• **Problem to solve**
Using the data below, print exactly the line with "Für den ordentlichen", the line with "продам 1-к, Ямская, 29а8 820 000 ₽", and every line between them, but none of the pictures.
The data: Begin
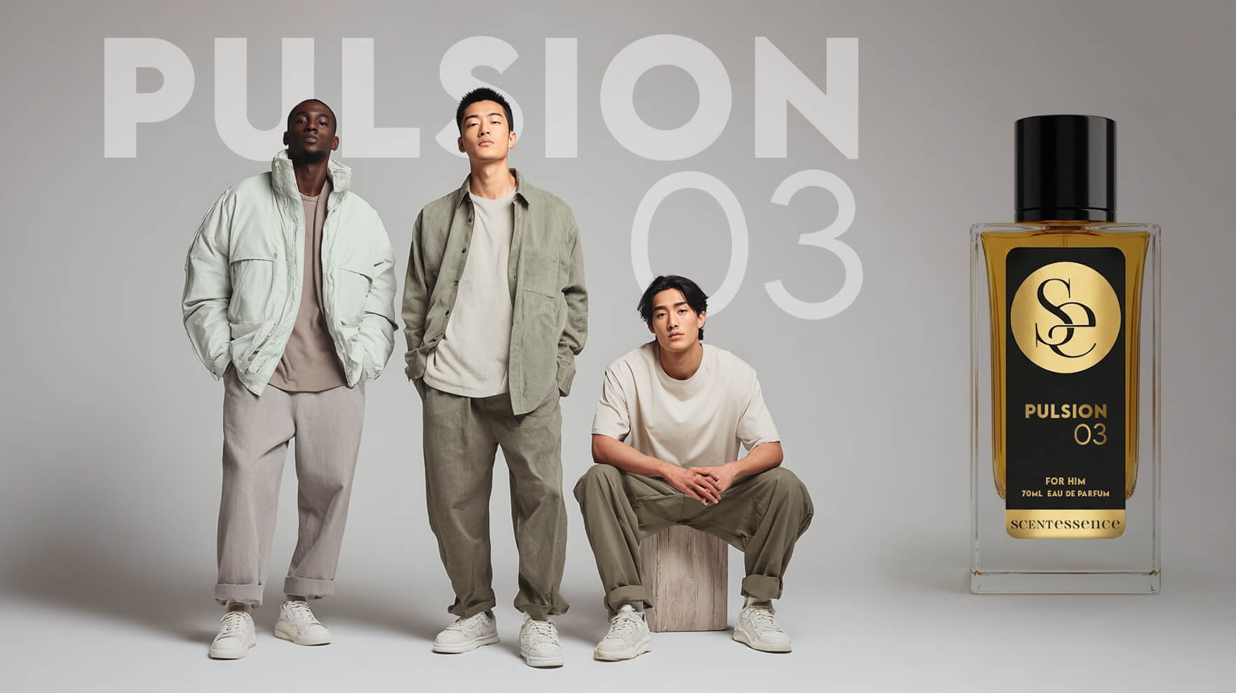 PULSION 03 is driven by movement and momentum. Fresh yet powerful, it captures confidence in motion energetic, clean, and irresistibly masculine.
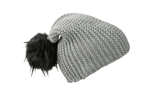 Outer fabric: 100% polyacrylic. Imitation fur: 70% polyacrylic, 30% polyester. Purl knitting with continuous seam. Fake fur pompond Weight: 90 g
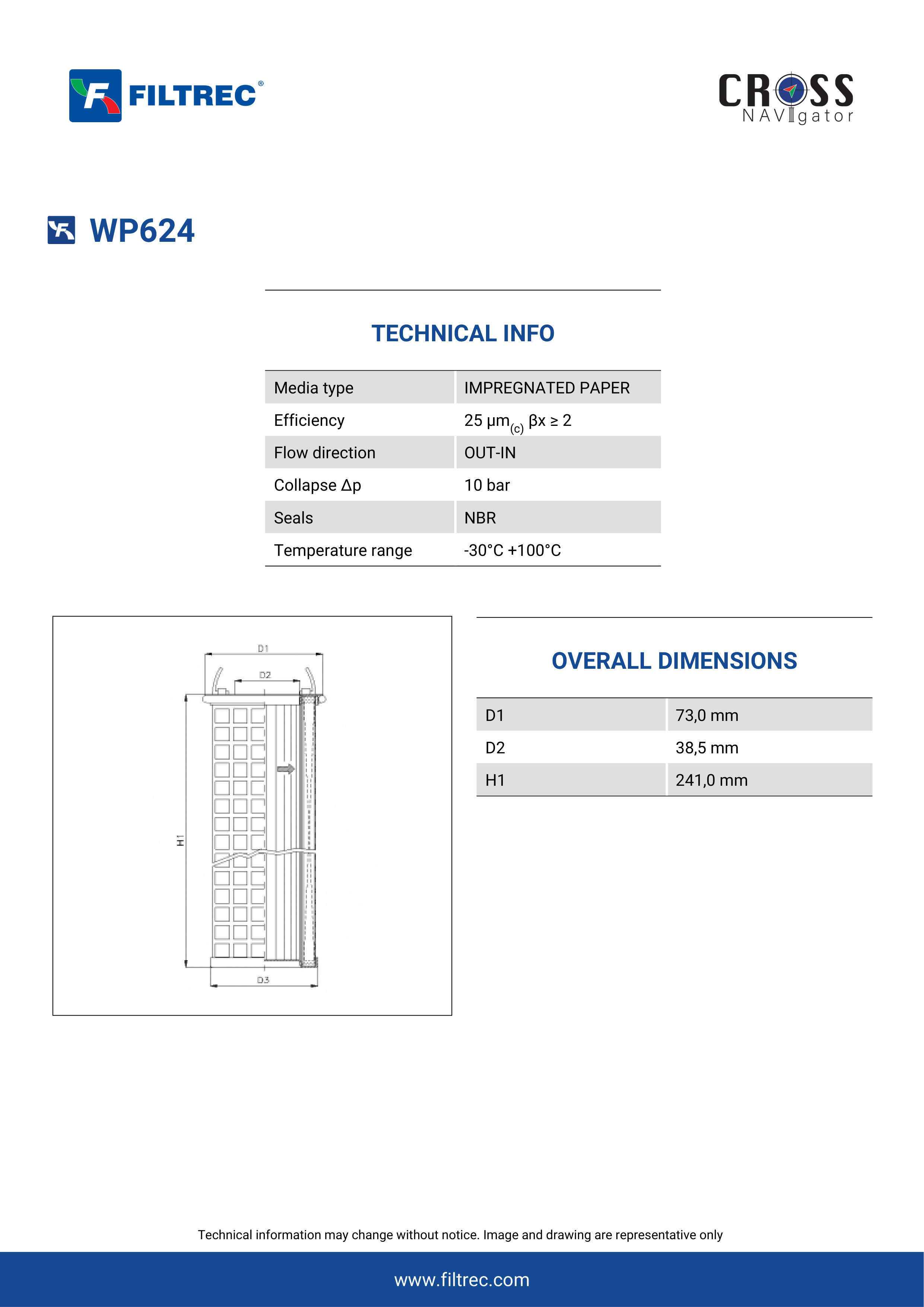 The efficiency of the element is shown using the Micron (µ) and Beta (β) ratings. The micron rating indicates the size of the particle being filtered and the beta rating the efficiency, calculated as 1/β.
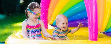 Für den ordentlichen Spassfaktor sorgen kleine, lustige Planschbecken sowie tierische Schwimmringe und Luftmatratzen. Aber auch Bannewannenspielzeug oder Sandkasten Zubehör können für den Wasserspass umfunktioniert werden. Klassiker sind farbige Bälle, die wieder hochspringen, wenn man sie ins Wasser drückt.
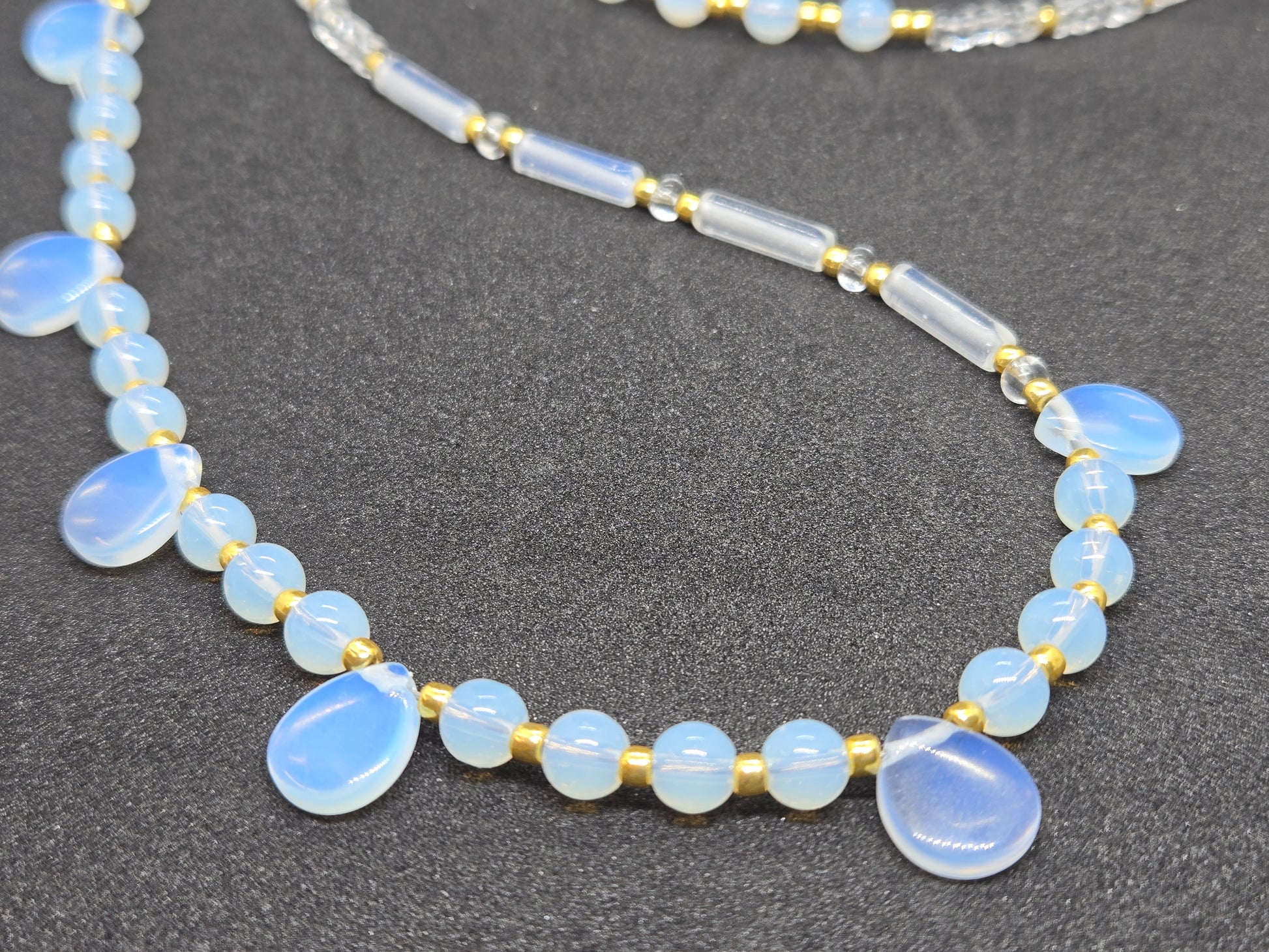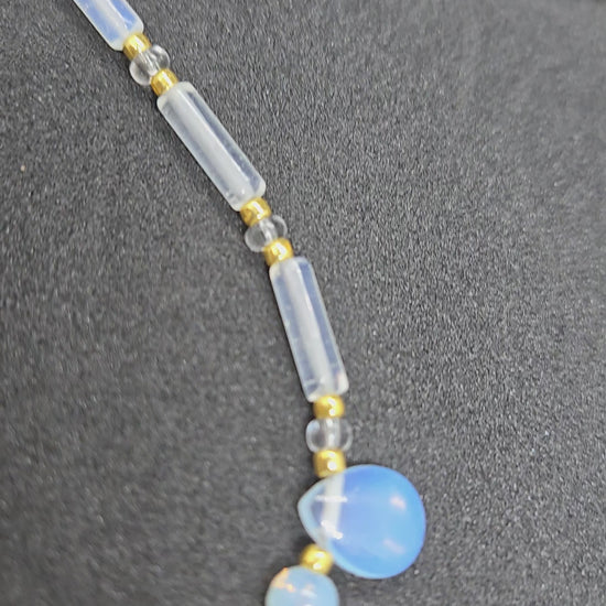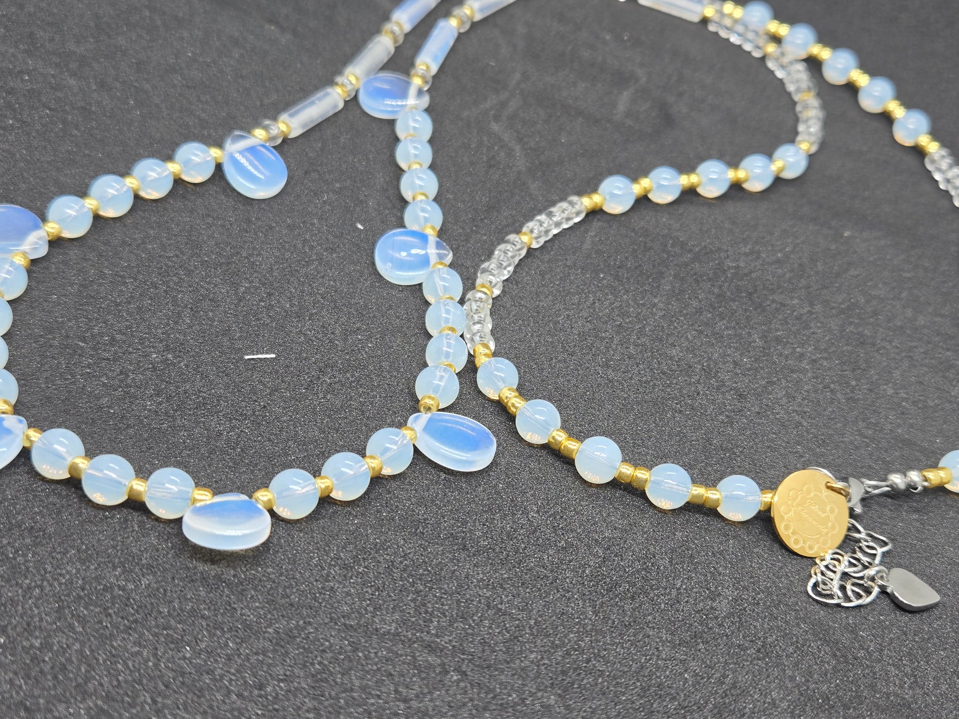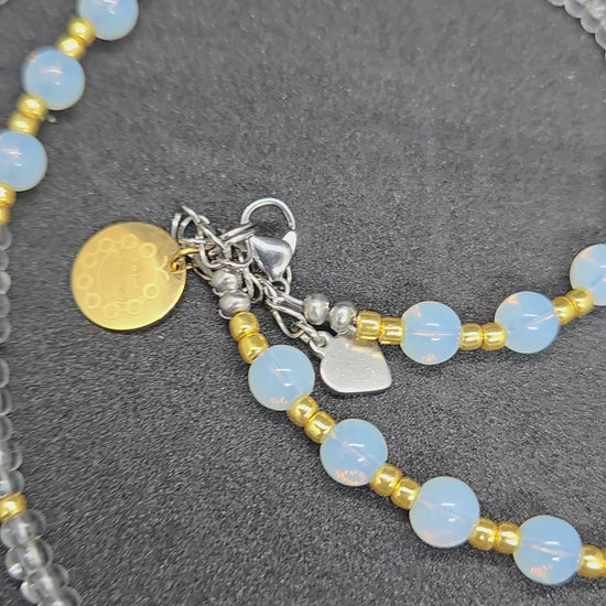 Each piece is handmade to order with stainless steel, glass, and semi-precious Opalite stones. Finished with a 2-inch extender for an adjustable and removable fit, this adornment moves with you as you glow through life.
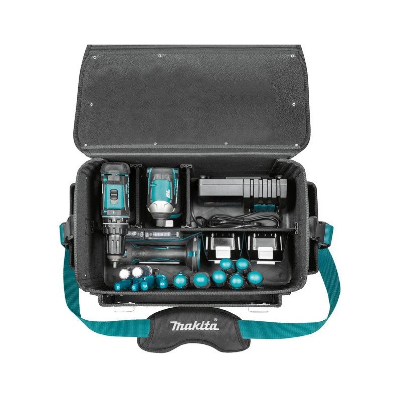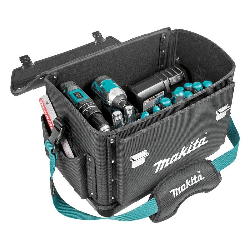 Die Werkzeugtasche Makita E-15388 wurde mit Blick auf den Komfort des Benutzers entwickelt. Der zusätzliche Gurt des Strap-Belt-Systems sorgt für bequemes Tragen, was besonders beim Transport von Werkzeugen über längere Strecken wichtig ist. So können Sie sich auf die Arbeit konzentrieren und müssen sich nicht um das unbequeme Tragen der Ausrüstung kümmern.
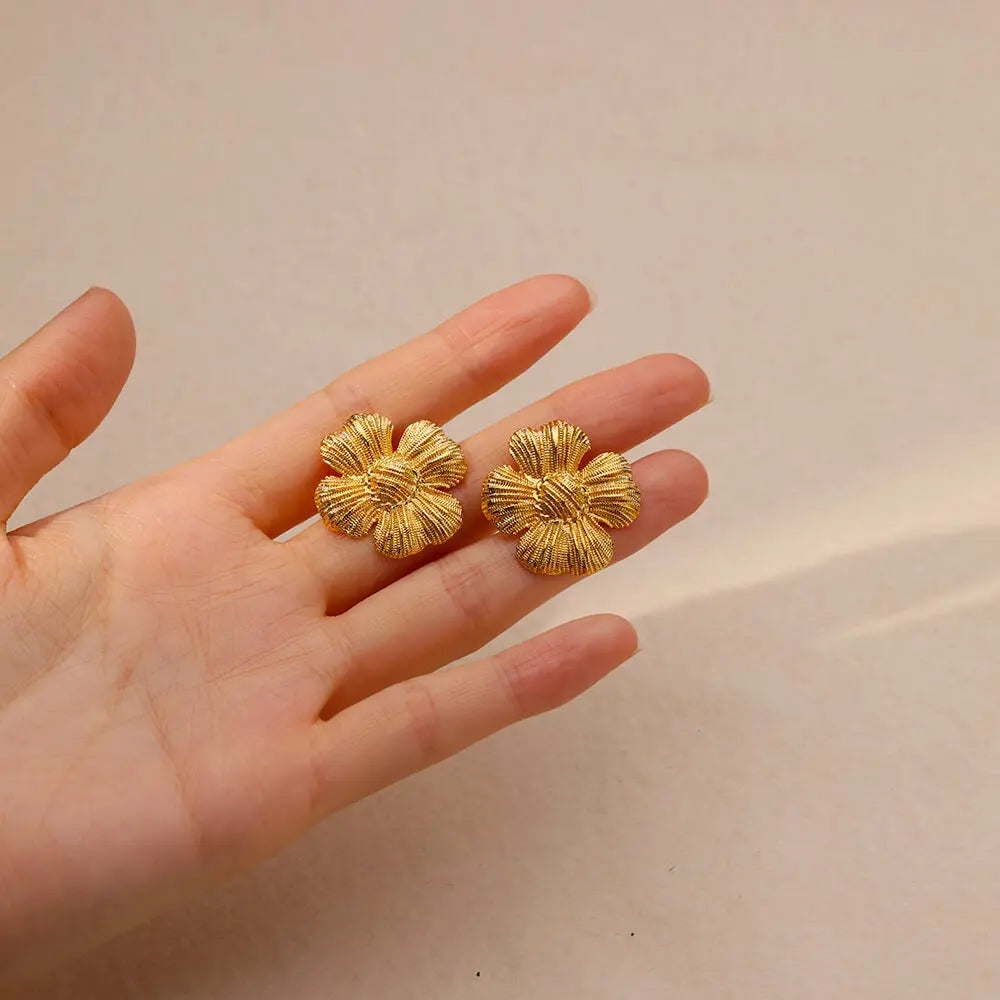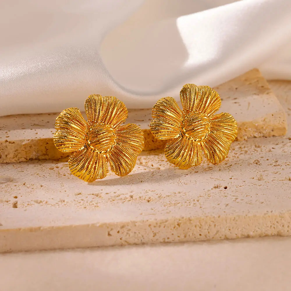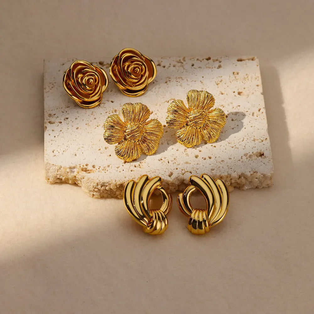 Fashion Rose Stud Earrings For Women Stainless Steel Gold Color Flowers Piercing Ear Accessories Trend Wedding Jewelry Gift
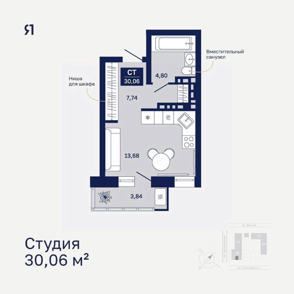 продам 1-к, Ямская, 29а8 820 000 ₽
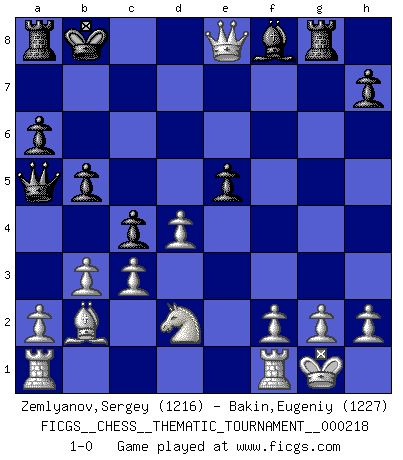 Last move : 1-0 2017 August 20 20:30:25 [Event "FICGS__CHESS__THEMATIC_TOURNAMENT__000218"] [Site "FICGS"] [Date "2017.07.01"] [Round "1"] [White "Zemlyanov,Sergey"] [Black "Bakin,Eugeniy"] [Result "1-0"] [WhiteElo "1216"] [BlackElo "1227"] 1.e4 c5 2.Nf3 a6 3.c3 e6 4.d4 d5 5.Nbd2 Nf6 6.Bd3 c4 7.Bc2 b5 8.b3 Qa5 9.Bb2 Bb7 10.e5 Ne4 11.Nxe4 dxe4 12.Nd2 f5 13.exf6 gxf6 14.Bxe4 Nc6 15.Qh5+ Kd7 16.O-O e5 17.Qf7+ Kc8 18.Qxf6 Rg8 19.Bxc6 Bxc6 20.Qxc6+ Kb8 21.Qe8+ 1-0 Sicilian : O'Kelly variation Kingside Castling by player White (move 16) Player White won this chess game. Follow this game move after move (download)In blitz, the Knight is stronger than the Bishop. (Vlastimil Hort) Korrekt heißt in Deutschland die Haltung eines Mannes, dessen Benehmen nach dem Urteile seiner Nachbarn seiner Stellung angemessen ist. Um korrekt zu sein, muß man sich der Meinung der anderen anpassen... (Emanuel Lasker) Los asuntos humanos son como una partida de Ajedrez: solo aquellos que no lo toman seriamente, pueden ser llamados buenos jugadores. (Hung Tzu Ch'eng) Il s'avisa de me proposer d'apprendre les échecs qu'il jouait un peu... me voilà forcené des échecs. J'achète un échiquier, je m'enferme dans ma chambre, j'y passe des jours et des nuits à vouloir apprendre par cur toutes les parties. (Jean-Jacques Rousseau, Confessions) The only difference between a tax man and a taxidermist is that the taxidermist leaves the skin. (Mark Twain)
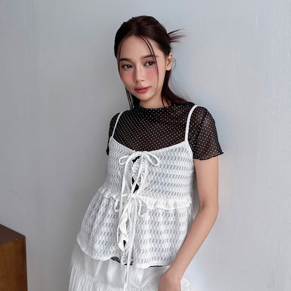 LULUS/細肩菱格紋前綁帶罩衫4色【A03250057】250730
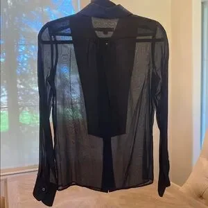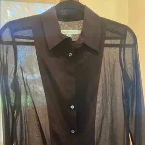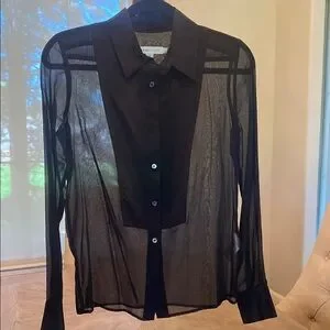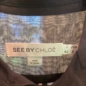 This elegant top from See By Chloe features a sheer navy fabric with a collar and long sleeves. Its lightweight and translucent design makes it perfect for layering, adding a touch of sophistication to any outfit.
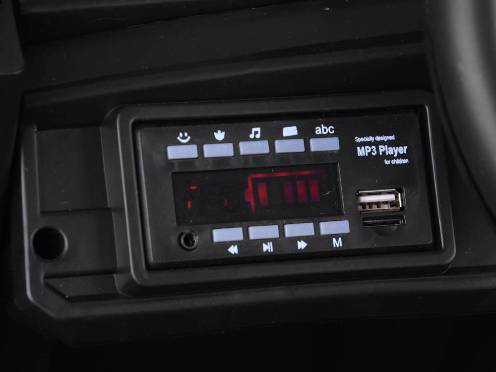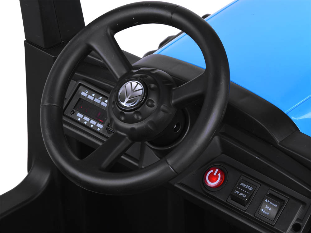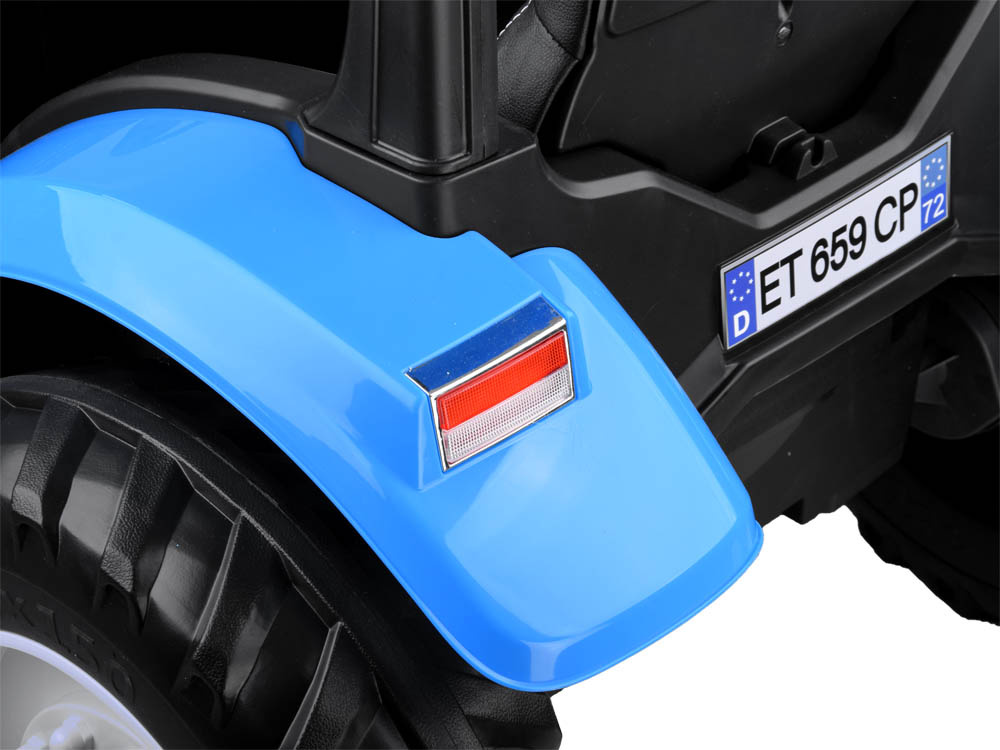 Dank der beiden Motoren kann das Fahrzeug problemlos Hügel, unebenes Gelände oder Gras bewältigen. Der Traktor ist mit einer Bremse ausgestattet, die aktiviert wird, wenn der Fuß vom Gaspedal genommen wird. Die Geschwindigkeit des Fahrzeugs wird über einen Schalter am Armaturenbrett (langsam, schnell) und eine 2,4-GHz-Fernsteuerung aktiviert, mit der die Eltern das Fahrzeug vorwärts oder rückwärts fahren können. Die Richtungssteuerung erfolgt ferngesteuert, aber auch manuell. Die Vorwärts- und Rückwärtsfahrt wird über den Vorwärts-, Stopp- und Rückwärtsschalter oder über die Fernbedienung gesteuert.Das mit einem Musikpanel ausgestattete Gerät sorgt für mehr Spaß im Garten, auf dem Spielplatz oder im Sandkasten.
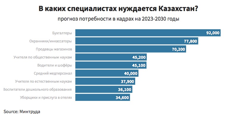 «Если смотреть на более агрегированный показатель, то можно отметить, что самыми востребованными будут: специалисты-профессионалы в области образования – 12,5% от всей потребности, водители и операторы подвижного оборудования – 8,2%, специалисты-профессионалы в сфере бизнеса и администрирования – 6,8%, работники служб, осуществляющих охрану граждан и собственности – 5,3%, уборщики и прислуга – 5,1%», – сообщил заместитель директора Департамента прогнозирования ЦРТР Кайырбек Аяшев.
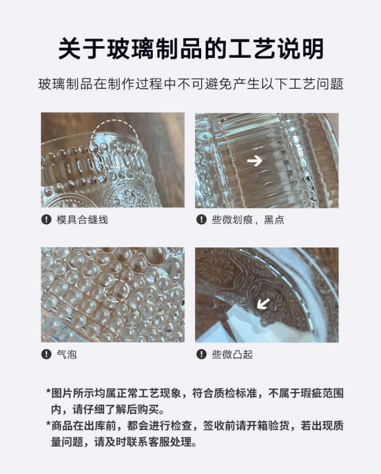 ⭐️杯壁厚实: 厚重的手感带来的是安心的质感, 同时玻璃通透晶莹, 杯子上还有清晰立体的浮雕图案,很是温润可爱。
The data: End
• **Exercise solution**
 Für den ordentlichen Spassfaktor sorgen kleine, lustige Planschbecken sowie tierische Schwimmringe und Luftmatratzen. Aber auch Bannewannenspielzeug oder Sandkasten Zubehör können für den Wasserspass umfunktioniert werden. Klassiker sind farbige Bälle, die wieder hochspringen, wenn man sie ins Wasser drückt.
 Each piece is handmade to order with stainless steel, glass, and semi-precious Opalite stones. Finished with a 2-inch extender for an adjustable and removable fit, this adornment moves with you as you glow through life.
 Die Werkzeugtasche Makita E-15388 wurde mit Blick auf den Komfort des Benutzers entwickelt. Der zusätzliche Gurt des Strap-Belt-Systems sorgt für bequemes Tragen, was besonders beim Transport von Werkzeugen über längere Strecken wichtig ist. So können Sie sich auf die Arbeit konzentrieren und müssen sich nicht um das unbequeme Tragen der Ausrüstung kümmern.
 Fashion Rose Stud Earrings For Women Stainless Steel Gold Color Flowers Piercing Ear Accessories Trend Wedding Jewelry Gift
 продам 1-к, Ямская, 29а8 820 000 ₽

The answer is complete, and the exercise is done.